Occasionally, my mom will throw a sign on the door directing all visitors to call her first. That usually happens if I'm not up for visitors or if we have an illness in the house. She's pretty awesome and is really in tune with when I'm pushing myself too hard. Her main priority is getting me healthy. I don't blame her. I would want to leave this crazy, chaotic house, too! ;)
We do ask that anyone that has been ill or has sick kids please refrains from visiting. I really can't afford to get sick and have heard that this flu season will be a doozy.
Here is what I have found is par for the course so far.
I usually feel (and look) the best the last few days before I get chemo. By then, the prior poisons are about out of my system. I feel like my old self.
Once I get treatment again, I start to feel 'off' about 4 hours later. The next day, I am exhausted and nauseous. I require naps. That lasts from Friday night through Monday afternoon.

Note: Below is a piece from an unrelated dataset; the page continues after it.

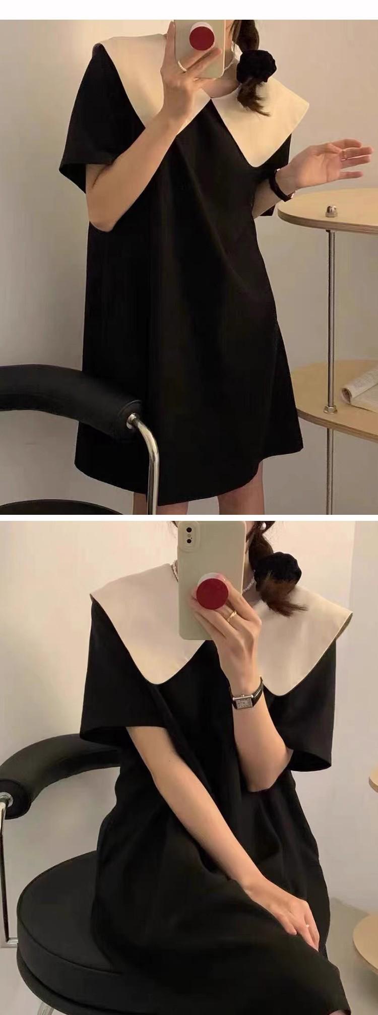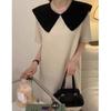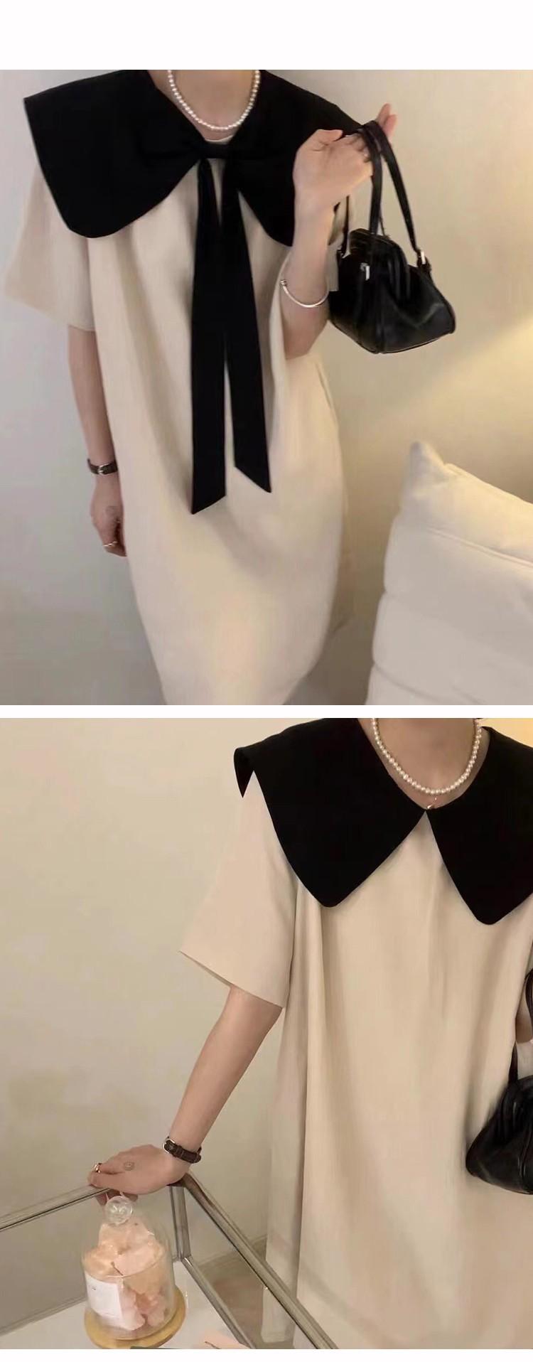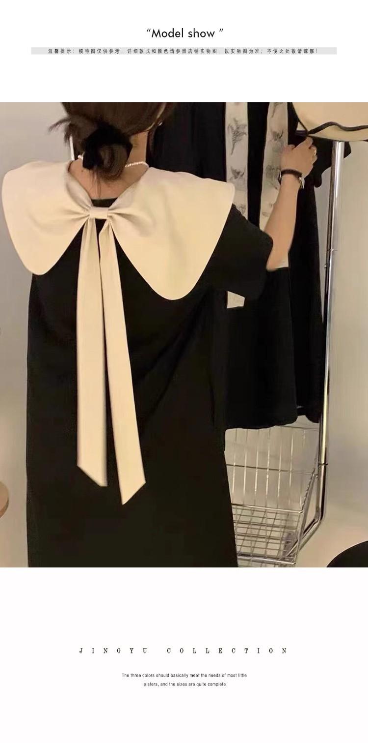 Entrega Directa de Fábrica Verano 2025 Vestido con Cuello de Muñeca Francesa que Reduce la Edad Dulce Lazo Elegante Línea A Vestidito Negro
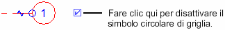 Ripetere questa procedura per visualizzare o nascondere il simbolo circolare posto all'altra estremità della linea di griglia.

The Monday following treatment, I go in for the Neulasta shot. That's the kicker. It makes me feel like I was hit by a truck and lasts about 4 days. I'm usually not as nauseous during these days, but it causes me to get migraines and I have to up my meds. These days, I'm usually holed up in my living room with the curtains drawn drinking lemon water while my saint mother takes my kids to and from school and walks them around the block a hundred times so they don't make my head explode.
I wrote on my calendar last week that I predicted that I will feel better by this Friday. I'm going to challenge myself to feel pretty darn great by tomorrow instead. Grandma needs to take a much needed day off.